━━━ Task input

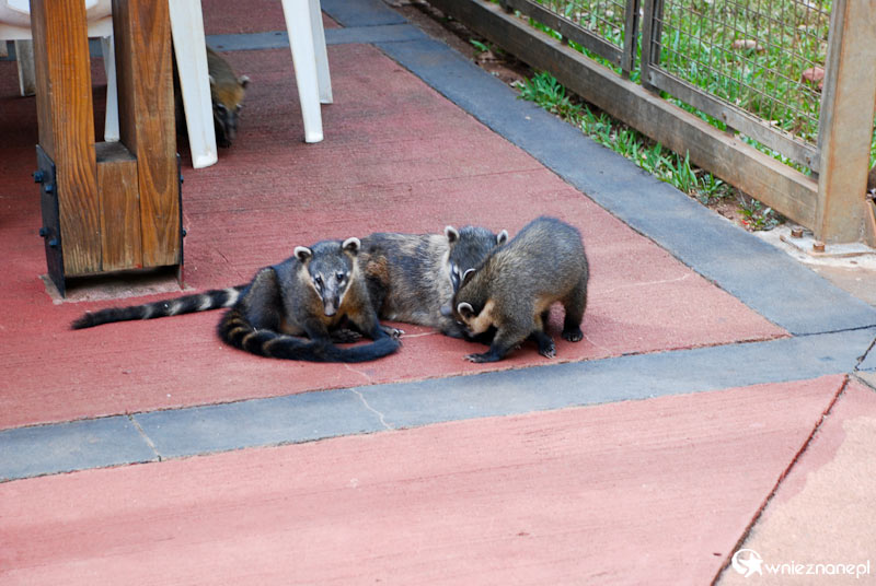 Argentyna. Parque Nacional Iguazu. Urocze Coati tylko czekają, żeby zdobyć pożywienie turystów.
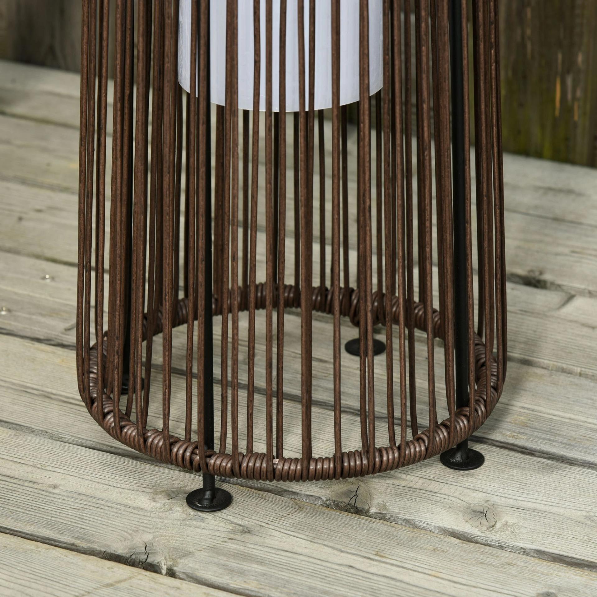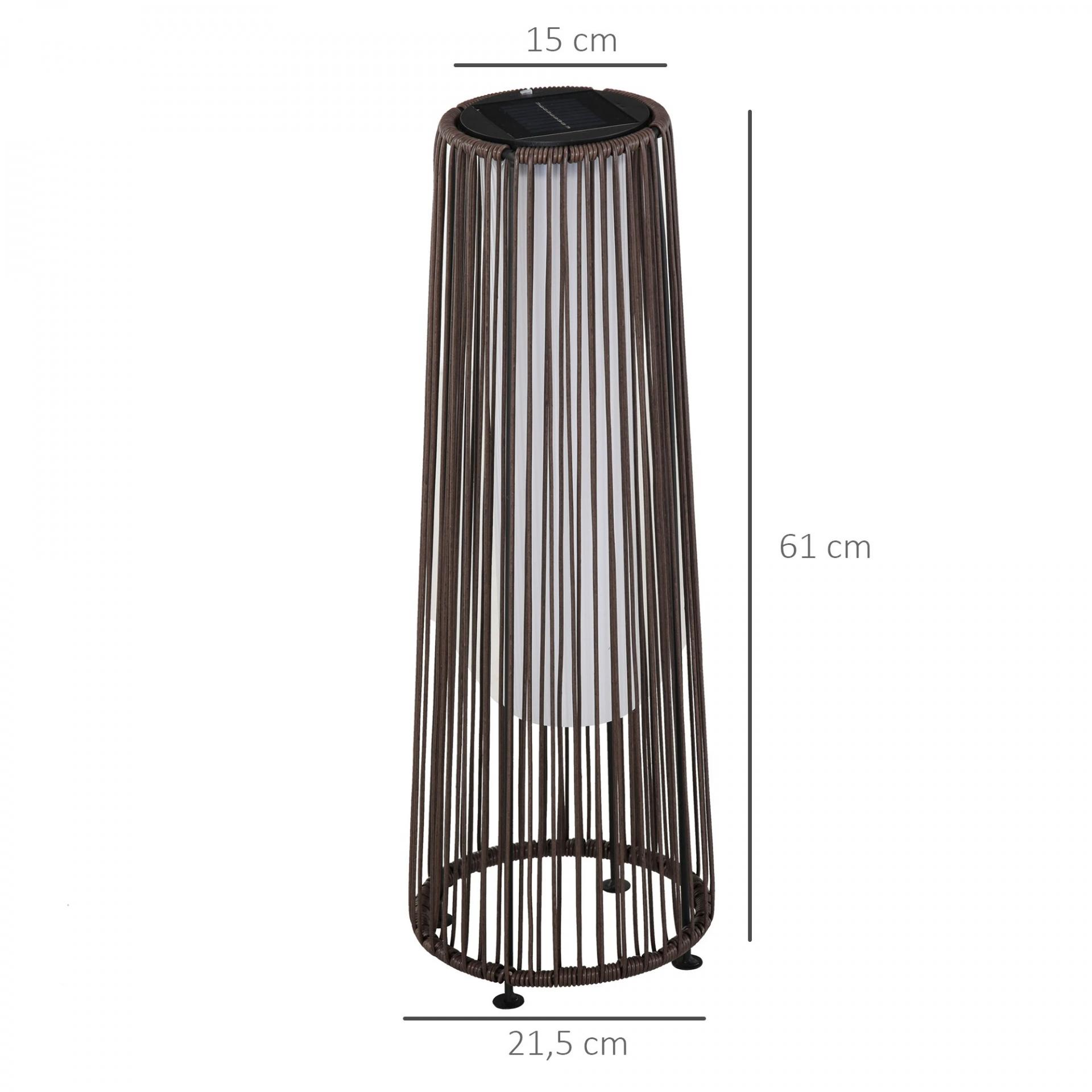 Linterna de Jardín de Ratán Sintético Farola Solar Exterior con Luces LED Encendido y Apagado Automático Impermeable para Terraza Balcón Patio Ø21,5x61 cm, Marrón
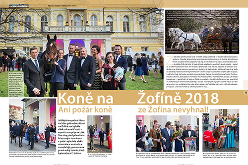 Jubilejnímu patnáctému ročníku galavečera Koně na Žofíně nechyběla dávka dramatičnosti aspoň co se příprav týká. Dva dny před původním březnovým termínem v paláci vyhořela elektroinstalace a celá akce musela být posunuta na první volný termín, čímž byla sobota 7. dubna.
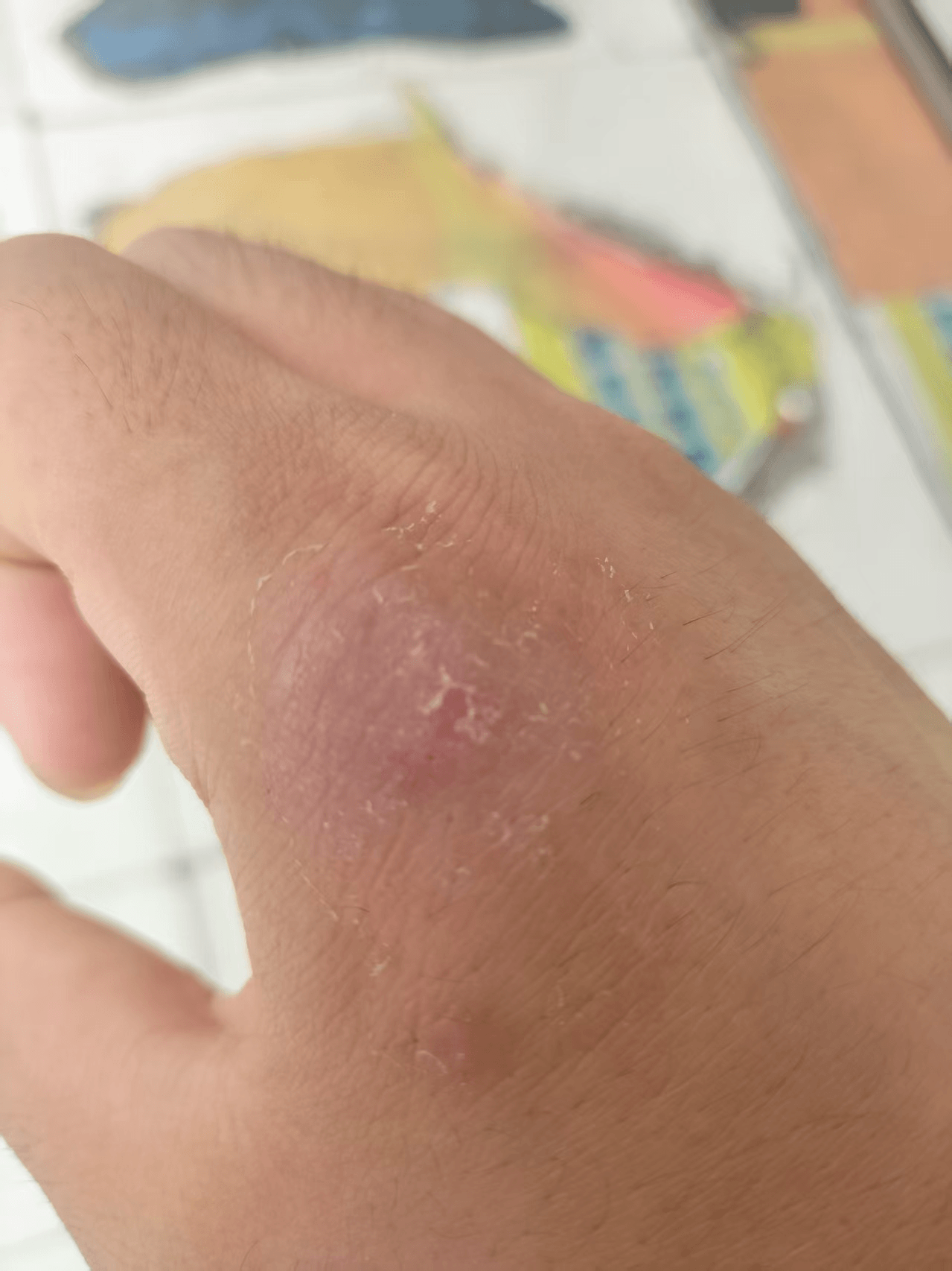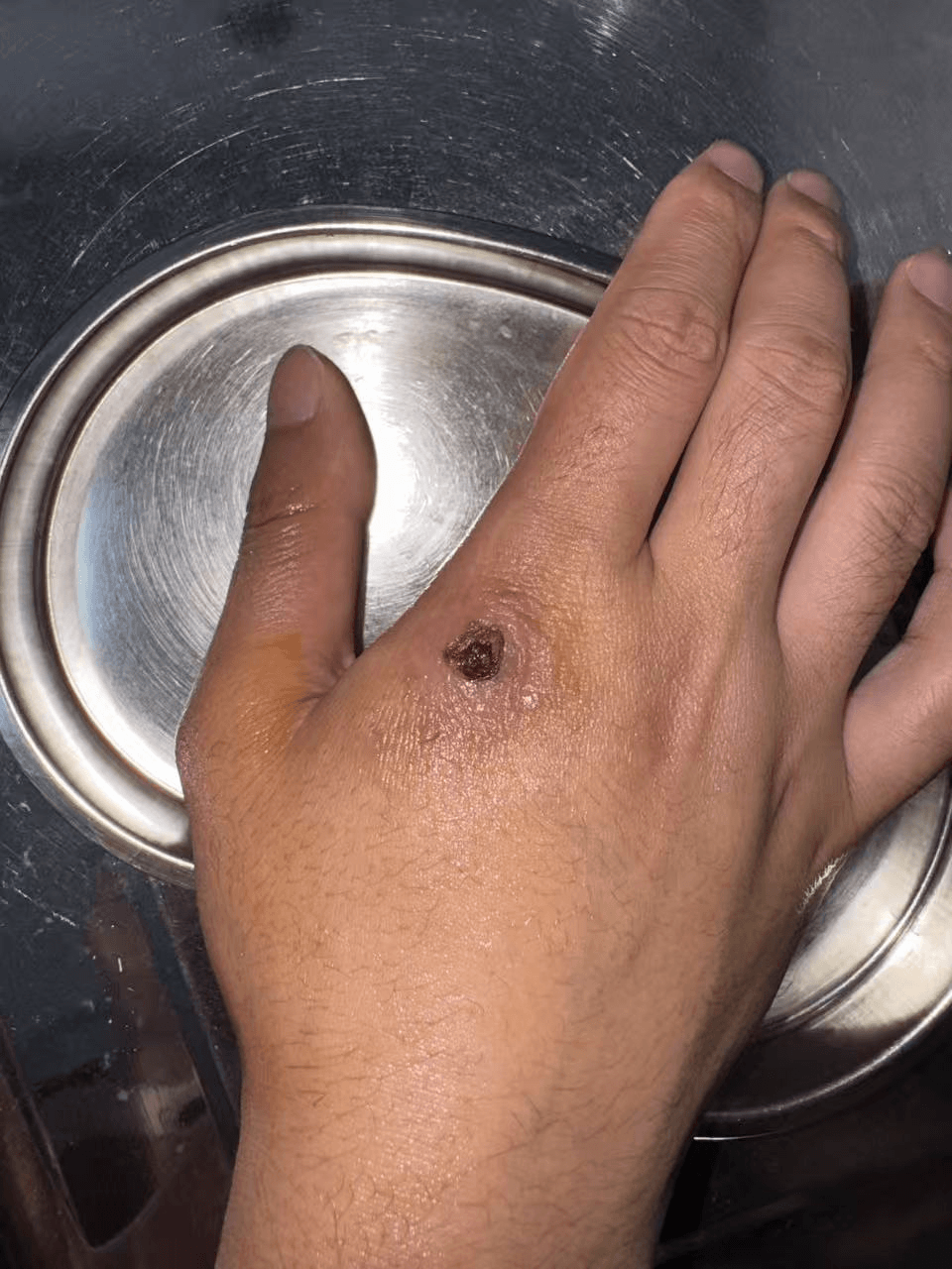 2026年2月4日患者右侧手背第1掌骨中远1/3处因机器高温烫伤,先后在诊所及其他医院治疗约二十天,创面仍流脓、愈合不佳。2月27日来我院就诊:经专业清创、规范换药等对症治疗,康复效果显著,仅5天创面便顺利愈合,返回工作岗位。
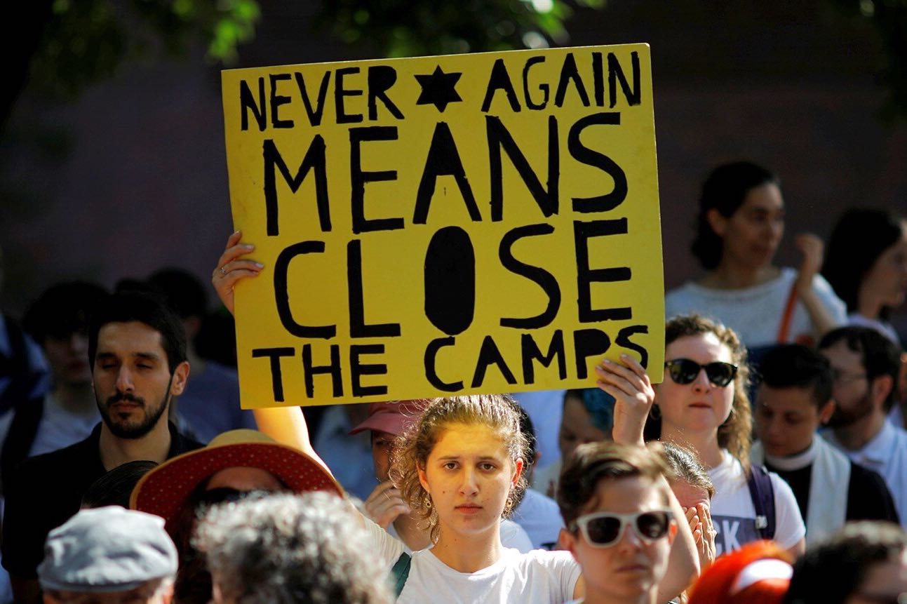Demonstrators participate in a protest initiated by Jewish groups against ICE detention camps in Boston on July 2, 2019.
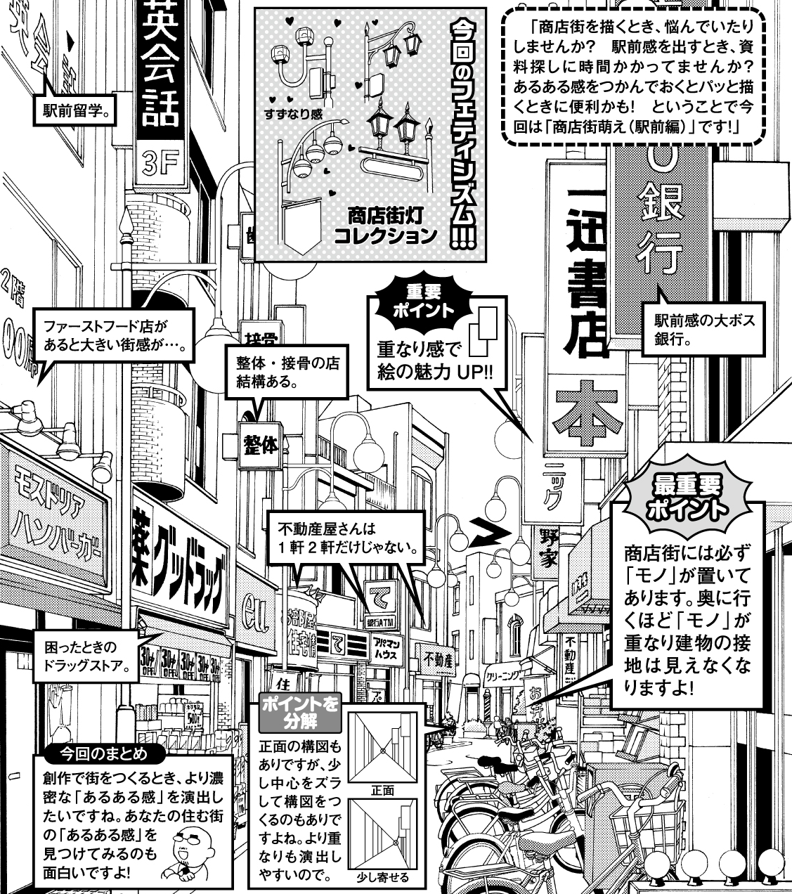 「MAEDAXの背景萌え!」とは? 「背景」に悩む人を対象に、使える技術を提供し、日本の漫画全体の充実を目指す。某業界ではメジャー級の有名人、「アシスタント背景美塾MAEDAX派」のMAEDAXがコッソリ教えます。今回は駅前商店街の描き方編!
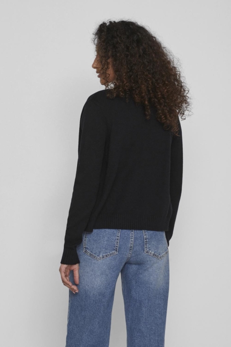 Dit veelzijdige zwarte vest van Vila is een tijdloze toevoeging aan je garderobe. Met een regular fit en lange mouwen biedt het een comfortabele pasvorm die perfect is voor elke dag. Gemaakt van een zachte mix van 50% viscose, 27% nylon en 23% polyester, voelt dit vest zacht aan op je huid en zorgt het voor een warme uitstraling. De normale lengte en de verfijnde afwerking maken het makkelijk te combineren met verschillende outfits, of je nu op kantoor bent of een avondje uit gaat. Dankzij het eenvoudige, maar elegante ontwerp past dit Vila vest bij diverse stijlen en gelegenheden. Draag het over een nette blouse voor een chique look of combineer het met een casual jeans voor een meer ontspannen sfeer. Het subtiele breipatroon en de effen zwarte kleur geven een klassieke uitstraling, terwijl de geribde boorden zorgen voor een nette afwerking. Dit vest is een praktische keuze voor zowel elke dag als voor speciale gelegenheden, en het laat zich moeiteloos integreren in jouw dagelijkse stijl.
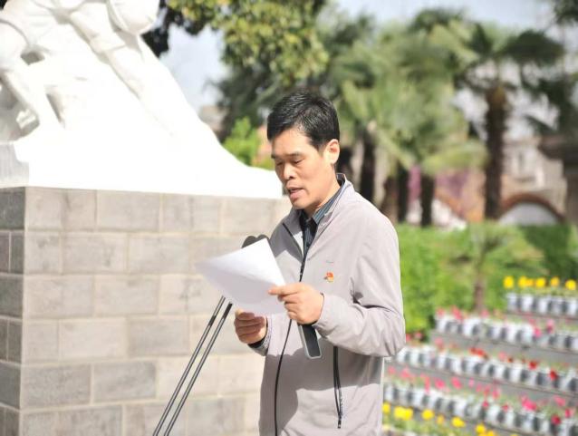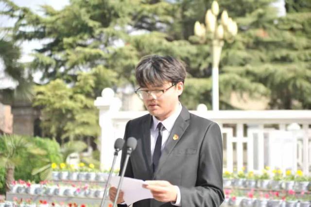 党员代表朱海洋发言,号召师生以先烈精神为指引,坚定理想信念,投身时代征程。他带领全体人员庄严宣,誓言铮铮,表达了继承先烈遗志、为实现中华民族伟大复兴而努力奋斗的坚定决心。
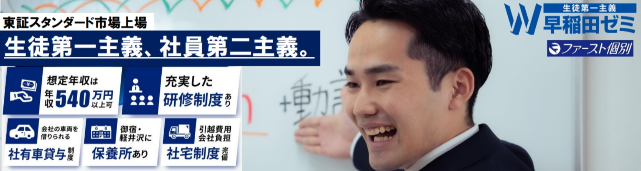 集団学習塾「W早稲田ゼミ」と個別指導塾「ファースト個別」の2種類のブランドで学習塾を展開している当社は、東京・埼玉・群馬・栃木に約60拠点を運営。W早稲田ゼミでは、「授業は全員正社員教師」という体制で質の高い授業を提供。生徒や保護者様に圧倒的な信頼を得ながら、急速に事業を拡大。2023年12月には、東証スタンダード市場へ上場を果たし、成長を続けています。今後は新校舎の設置に伴い、塾長などの責任あるポジションが増えるため、優秀な人材の参加を広く求めています。20代でもやる気と能力次第で、マネジメントレベルで活躍できるチャンスがたくさんあります。私たちと一緒に、生徒たちの成長を担う仕事をしてみませんか。

━━━━━━

** Problem details **
In the records above, find the line containing "Linterna de Jardín", then please restate it and each line after it word for word, pictures excluded.

** Final answer **
 Linterna de Jardín de Ratán Sintético Farola Solar Exterior con Luces LED Encendido y Apagado Automático Impermeable para Terraza Balcón Patio Ø21,5x61 cm, Marrón
 Jubilejnímu patnáctému ročníku galavečera Koně na Žofíně nechyběla dávka dramatičnosti aspoň co se příprav týká. Dva dny před původním březnovým termínem v paláci vyhořela elektroinstalace a celá akce musela být posunuta na první volný termín, čímž byla sobota 7. dubna.
 2026年2月4日患者右侧手背第1掌骨中远1/3处因机器高温烫伤,先后在诊所及其他医院治疗约二十天,创面仍流脓、愈合不佳。2月27日来我院就诊:经专业清创、规范换药等对症治疗,康复效果显著,仅5天创面便顺利愈合,返回工作岗位。
Demonstrators participate in a protest initiated by Jewish groups against ICE detention camps in Boston on July 2, 2019.
 「MAEDAXの背景萌え!」とは? 「背景」に悩む人を対象に、使える技術を提供し、日本の漫画全体の充実を目指す。某業界ではメジャー級の有名人、「アシスタント背景美塾MAEDAX派」のMAEDAXがコッソリ教えます。今回は駅前商店街の描き方編!
 Dit veelzijdige zwarte vest van Vila is een tijdloze toevoeging aan je garderobe. Met een regular fit en lange mouwen biedt het een comfortabele pasvorm die perfect is voor elke dag. Gemaakt van een zachte mix van 50% viscose, 27% nylon en 23% polyester, voelt dit vest zacht aan op je huid en zorgt het voor een warme uitstraling. De normale lengte en de verfijnde afwerking maken het makkelijk te combineren met verschillende outfits, of je nu op kantoor bent of een avondje uit gaat. Dankzij het eenvoudige, maar elegante ontwerp past dit Vila vest bij diverse stijlen en gelegenheden. Draag het over een nette blouse voor een chique look of combineer het met een casual jeans voor een meer ontspannen sfeer. Het subtiele breipatroon en de effen zwarte kleur geven een klassieke uitstraling, terwijl de geribde boorden zorgen voor een nette afwerking. Dit vest is een praktische keuze voor zowel elke dag als voor speciale gelegenheden, en het laat zich moeiteloos integreren in jouw dagelijkse stijl.
 党员代表朱海洋发言,号召师生以先烈精神为指引,坚定理想信念,投身时代征程。他带领全体人员庄严宣,誓言铮铮,表达了继承先烈遗志、为实现中华民族伟大复兴而努力奋斗的坚定决心。
 集団学習塾「W早稲田ゼミ」と個別指導塾「ファースト個別」の2種類のブランドで学習塾を展開している当社は、東京・埼玉・群馬・栃木に約60拠点を運営。W早稲田ゼミでは、「授業は全員正社員教師」という体制で質の高い授業を提供。生徒や保護者様に圧倒的な信頼を得ながら、急速に事業を拡大。2023年12月には、東証スタンダード市場へ上場を果たし、成長を続けています。今後は新校舎の設置に伴い、塾長などの責任あるポジションが増えるため、優秀な人材の参加を広く求めています。20代でもやる気と能力次第で、マネジメントレベルで活躍できるチャンスがたくさんあります。私たちと一緒に、生徒たちの成長を担う仕事をしてみませんか。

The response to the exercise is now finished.